А мне ну совсем ни к души был этот Иван! Но они уже и к свадьбе стали готовиться, выташшыла его мать все свои попоны, половики развесила на заборе, - это, мол, молодым. Что делать? Сердце мое разрывается! Да завела мамку в садик и - в слезы:
- Ты что? Привезла меня сюда замуж выдавать? Да не нужен он мне со всей своей землей и хатами в придачу!
Тут и Динка стала меня подзадоривать: давай-ка, мол, сбежим отсюда ночью!
А на другой день Ванькина мать и говорить:
- Как же играть свадьбу-то? Соли нет.
Тогда ведь с солью было очень плохо, дороже всего она была и за три пуда можно было корову выменять. Ну, мамка и сообразила:
- Вот что, - говорить Ивану, – съездим-ка мы за солью. И вправду, как же свадьбу играть без соли? А мы пуд привезем и то хорошо.
Обрадовался Иван:
- И ладно, поезжайте. Только Маню оставьте.
- Не-е, - мамка-то, - чаво ж она сидеть будить? Тоже поедить, поможить.

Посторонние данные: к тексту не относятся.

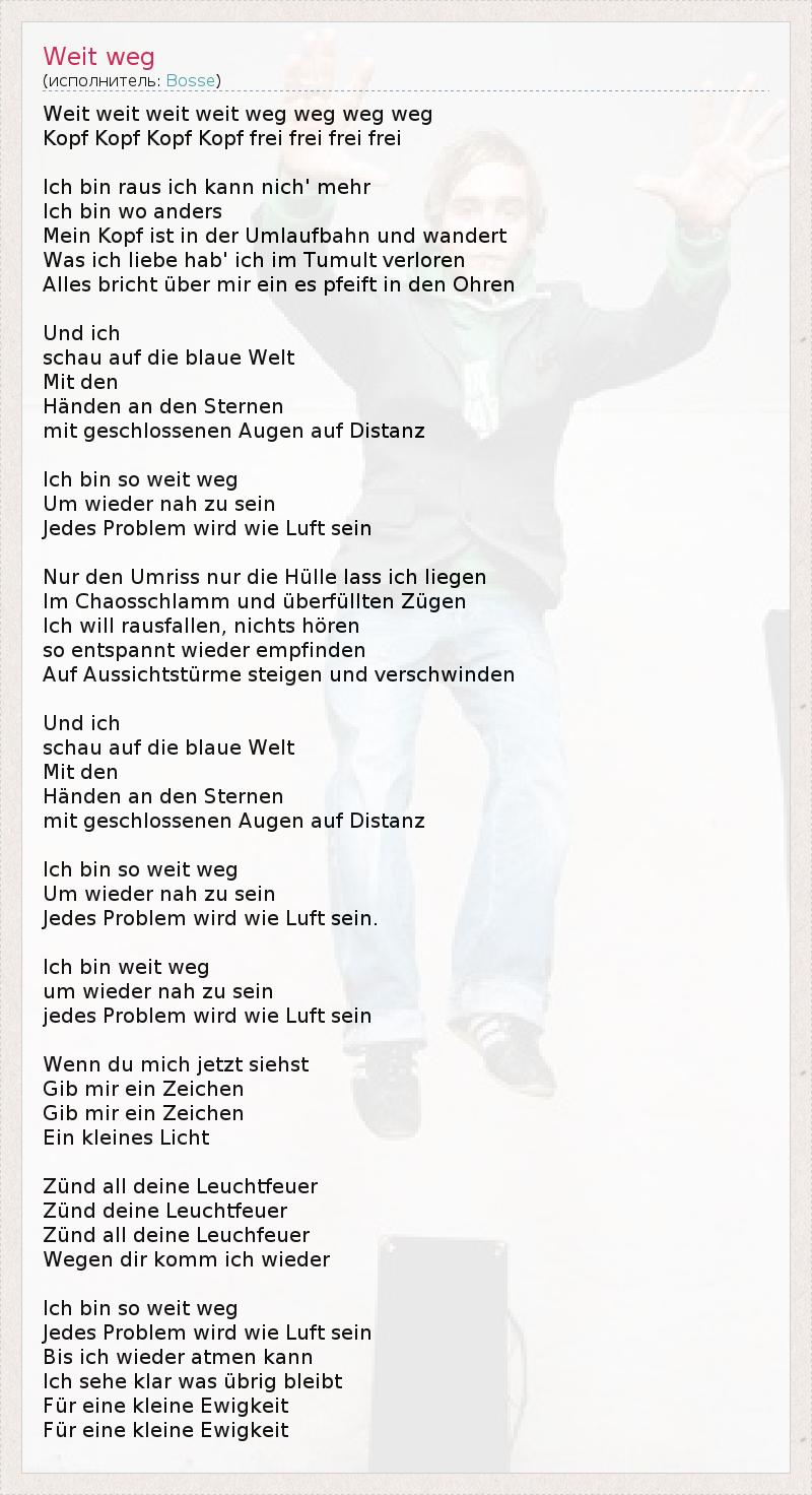 Weit Weit Weit Weit Weg Weg Weg Weg Kopf Kopf Kopf Kopf Фрей Фрей Фрей Фрей Ich бен Раус ич канн нич ' Мехр Ich бен горе Андерса Mein Kopf ист в дер Umlaufbahn унд wandert Был ич Liebe хаб ' ич им Переполох Верлорен Alles Bricht über мир Эйн эс pfeift в ден Ohren Und ич Schau Ауф умирают Blaue Welt Mit ден Handen An Den STERNEN мит geschlossenen Augen Auf Distanz Ich бен так Weit Weg Гм Wieder Нах цу Sein Jedes Проблема вирда Wie Luft Sein Нур ден Umriss нур умереть Hülle девушка ич Liegen Im Chaosschlamm унд überfüllten Zügen Ich будет rausfallen , Nichts hören так Entspannt Wieder empfinden Auf Aussichtstürme Steigen унд verschwinden Und ич Schau Ауф умирают Blaue Welt Mit ден Handen An Den STERNEN мит geschlossenen Augen Auf Distanz Ich бен так Weit Weg Гм Wieder Нах цу Sein Jedes Проблема вирда Wie Luft Сейн . Ich бен Weit Weg гм Wieder Нах цу Sein Jedes Проблема вирда Wie Luft Sein Wenn дю Mich Jetzt siehst GIB Mir Эйн Zeichen GIB Mir Эйн Zeichen Эйн Малый Licht Zünd все Deine Leuchtfeuer Zünd Deine Leuchtfeuer Zünd все Deine Leuchfeuer Wegen реж Комм ич Wieder Ich бен так Weit Weg Jedes Проблема вирда Wie Luft Sein Бис ич Wieder atmen канн Ich sehe прозрачное был übrig bleibt Für Eine Kleine Ewigkeit Für Eine Kleine Ewigkeit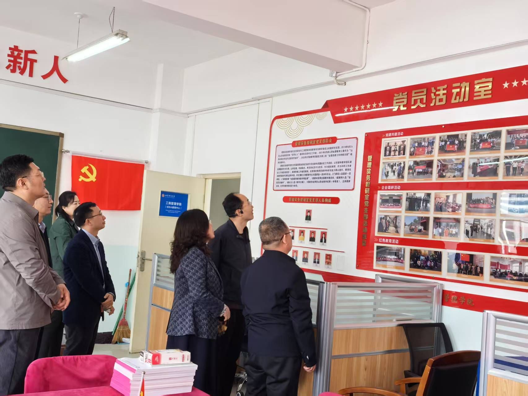 文化墙和第三批“全国党建工作样板支部”——管理实务教研室党支部,就学院的办学理念、使命、愿景、办学特色,以及如何以高质量党建引领学院高质量发展等进行了交流探讨。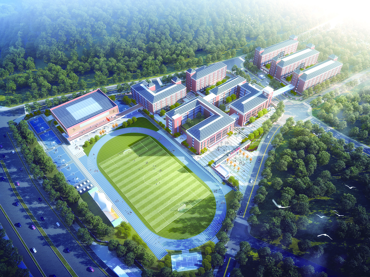 ◆美丽校园 学校总投资6.2亿元,占地面积101亩,建筑面积近8万平方米,可开设60个教学班,容纳学生3000人。学校拥有各类标准的活动场馆、先进的教学设备、完备的生活设施。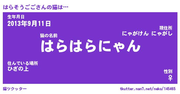 | 生年月日? …「くろねこ」 | 8月01日 10:16 |

Поспорили они, поспорили, но согласился он, наконец, и отвез нас на вокзал, дал хлеба, ведро картошки, мы и поехали...Куда-куда. Да куда глаза глядять.

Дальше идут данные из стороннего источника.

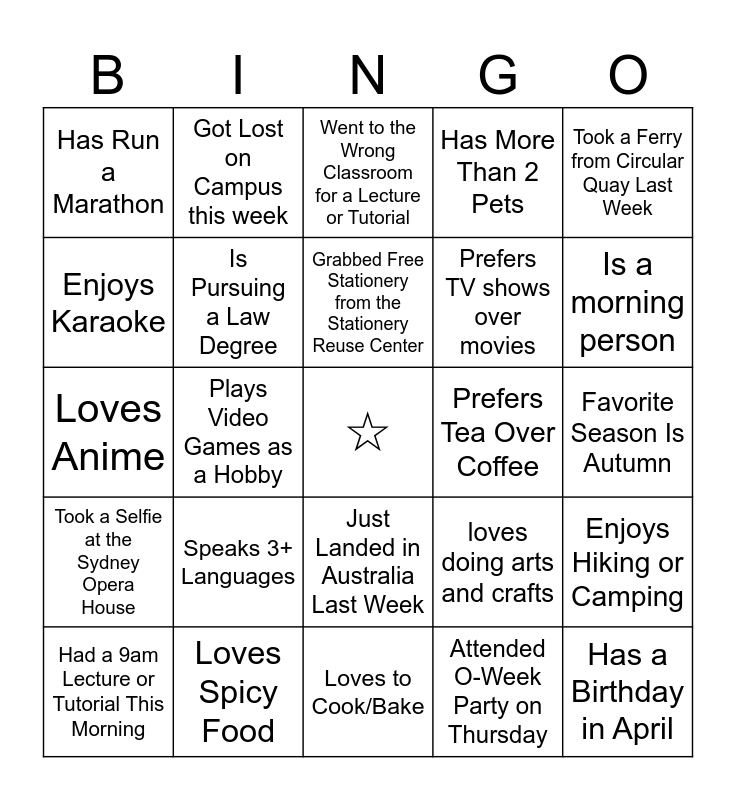 This bingo card has a free space and 34 words: Visited Bondi or Coogee beach Last Week, Attended O-Week Party on Thursday, Learned an Aussie Slang Term, Lives on or Near Campus, Took a Selfie at the Sydney Opera House, Is Pursuing a Law Degree, Took a Ferry from Circular Quay Last Week, Had a 9am Lecture or Tutorial This Morning, Got Lost on Campus this week, Grabbed Free Food from the Food Hub, Grabbed Free Stationery from the Stationery Reuse Center, Went to the Wrong Classroom for a Lecture or Tutorial, Took a Guided Campus Tour at O-Week, Has Been to Other Australian Cities, Prefers Tea Over Coffee, Is a morning person, Loves Spicy Food, Loves Anime, Speaks 3+ Languages, loves doing arts and crafts, Just Landed in Australia Last Week, Plays a musical Instrument, Has Run a Marathon, Favorite Season Is Autumn, Loves to Cook/Bake, Has a Birthday in April, Has More Than 2 Pets, Joined 3+ Student Clubs/Societies at UNSW, Prefers TV shows over movies, Enjoys Karaoke, Loves Science Fiction, Plays Video Games as a Hobby, Enjoys Hiking or Camping and Grabbed 3+ Freebies at O-Week.

Но доехали только до станции Лозовой, и выгнали нас из вагона, забрали в комендатуру. Но у нас документ был, что едем, мол, на Украину работать, от голода спасаемся. И дал нам его мамкин двоюродный брат за печатью от бедного комбеда*, а теперя, когда проверили этот документ, один дядя и говорить:
- Да что ж вы, глупые, таскаетесь по товарнякам? С вашим документом можно и в пассажирском ехать.
А кто ж его знаить, кого сажають в пассажирские, разберешь тут разве? Да хотя бы к чему прицепиться, лишь бы только вёз! И вот взял этот дяденька у нас деньжата, что были, вышел куда-то. Потом приходить и даёть билеты до Юзовки, только до неё наших денег хватало.
И поехали мы в пассажирском вагоне. Едем, а рядом дядечка сидить:
- Куда ж вы путь держите? - спрашиваить.
- Да едем, куда глаза глядять, - мамка-то ему.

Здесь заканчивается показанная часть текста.